Earlier in the year a friend of mine gave me a bunch of tree spinach seeds, something that I’ve since discovered they will never have to do again. Although this plant isn’t invasive, it will self-seed like virtually nothing else. Anyway, I germinated the seeds and popped them into the allotment when they were about 6 inches tall. Look at them now, spinach, on a tree!
We used some of the younger leaves in a salad with a bunch of sorrel that is growing there too but to be honest it’s a little tough unless you use the very smallest leaves.  It can, however, be used as a replacement for spinach hence the name and it retains the wonderful purple midrib at the base of the leaf. So if you have trouble growing spinach or you just want something a little different, try growing some of these. 
We’ve been making it into spinach a ricotta lasagne as a really easy quick supper. If you can be bothered, for really the best lasagne sheets you can get try something like this recipe. Never buy a tomato pasta sauce either, this is the easiest thing to make and you can vary it by ingredients by what you have available. As long as you have an onion, garlic, some fresh tomatoes or a tin of them and some olives you’re fine. Then add basil, oregano, rosemary, capers (these make it really nice) or chorizo as you choose. Whiz it all up in a blender to get the freshest and cheapest sauce for pasta, pizza or to put on the lasagne that you’ll make from all the tree spinach that you’ll be harvesting.
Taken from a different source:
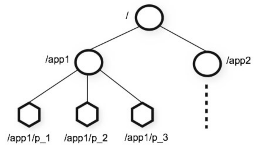 주키퍼는 n개의 서버와 클라이언트 API로 구성되어 있으며, 서버는 파일 시스템과 비슷한 형태로, 데이터를 계층적으로 저장한다. 저장된 데이터는 주키퍼 서버들 사이에 복제되어 운영되기 때문에 일부 서버에 장애가 발생하더라도 전체 장애로 이어지지는 않는다.
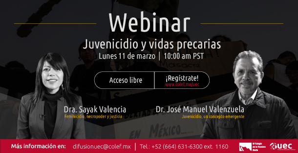 En el marco de la convocatoria del Diplomado en línea “Juvenicidio y vidas precarias en América Latina”, El Colegio de la Frontera Norte (El Colef) a través de la Unidad de Educación Continua, invitan a participar el Webinar (seminario en línea) ‘‘Juvenicidio y vidas precarias’’, el próximo lunes 11 de marzo a partir de las 10:00 am, hora del pacífico.

3 Replies to “Tree Spinach”

  1. This is interesting, I haven't heard of a spinach tree before. Where did you purchase the seeds? Do these taste the same as the typical spinach leaves? I assume these are annual trees?

  2. I missed this comment, I'm very sorry. Yes it's an annual that I grew from seed that a friend gave me, but as I said it's a fairly prolific seeder. I can't remember the taste as we never go round to harvesting any, partly because it looked so nice and because it's a bit of a pain to get enough off it. I've loads growing again this year so I'll endeavour to find out for you.

  3. Harvesting much I should have said, it looks like we did, but I still forget the taste.